April 15 has become a universal day of celebration throughout baseball. On that date in 1947, Jackie Robinson suited up for the Brooklyn Dodgers. In taking his position at first base in the season opener against the Boston Braves, he became the first black player to play in a major league game since 1887, and the first in an “organized baseball” contest since 1889.
That spring afternoon marked the start of the racial integration of the national pastime, and perhaps of the nation.
During the 60-year gap between Fleet Walker, a deft player from Ohio who was the last black man to play alongside white counterparts in American baseball, and Robinson, black stars played with the same passion and verve as their white counterparts.

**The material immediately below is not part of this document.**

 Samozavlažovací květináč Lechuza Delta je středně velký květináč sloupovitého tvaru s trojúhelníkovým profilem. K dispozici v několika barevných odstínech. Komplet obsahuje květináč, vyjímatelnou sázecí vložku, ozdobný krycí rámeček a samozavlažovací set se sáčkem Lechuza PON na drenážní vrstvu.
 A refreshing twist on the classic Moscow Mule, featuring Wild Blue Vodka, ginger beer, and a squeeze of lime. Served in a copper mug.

Every year, beginning even before 1900, Negro teams from New York, Illinois and Pennsylvania barnstormed throughout the Midwest and the South, playing all challengers — black and white — for little more than meal money and respect.

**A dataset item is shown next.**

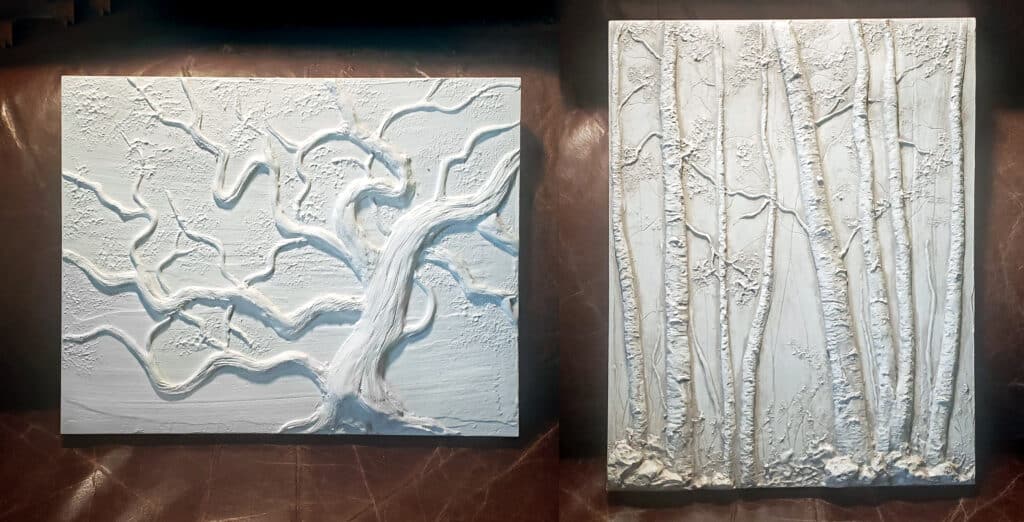 Class Content: You will LOVE playing in 3D with plaster! This class is a beginner introduction to the world of Plaster Relief. You will create 2 pieces in this class: A Birch Forest piece and a Twisted Maple piece. Plaster is a very fun media to work with and grants exceptional results. In this beginner class. You will learn how to use bags and pastry tips to apply the plaster to your panel and shape it with tools. You will walk away with 2 pieces of art that will WOW your friends!

Eastern Iowa benefited from those games, as they gave the region an opportunity to enjoy part of the game denied to fans and players in the white, major leagues.
The town’s first documented brush with a barnstorming black team occurred in April 1897. The Adrian (Mich.) Page Fence Giants stopped in Cedar Rapids to take on the Belden Hills Rabbits at the old Athletic Park (near Roosevelt Middle School).
The Giants were beginning what would become a 125-12 touring season, and beat the local professionals 2-0.
The game featured a visit by one of the greatest of the early black players, Grant “Home Run” Johnson, and also by a young infielder named Charlie Grant. The latter became infamous in 1901 when John J. McGraw (another Cedar Rapids baseball alum and Hall of Fame manager) tried to pass him off as Native American to skirt the de-facto ban on black players and sign him to the big-league New York Giants.
Despite the loss to the barnstormers that afternoon, local fans loved the spectacle. According to the Evening Gazette’s account of the game, “The only disagreeable feature … was the disgraceful conduct of several young men who occupied seats in the bleachers. These young men … are amateur ball players … a repetition of their conduct will precipitate action on the part of the Athletic Association …”
C.R. gets its own team
Black barnstormers made several more trips to Linn and Benton counties over the next few years, and by 1909 the appreciation of the local baseball community emboldened Clarence Williams to start a local all-black team, the Cedar Rapids Colored Giants.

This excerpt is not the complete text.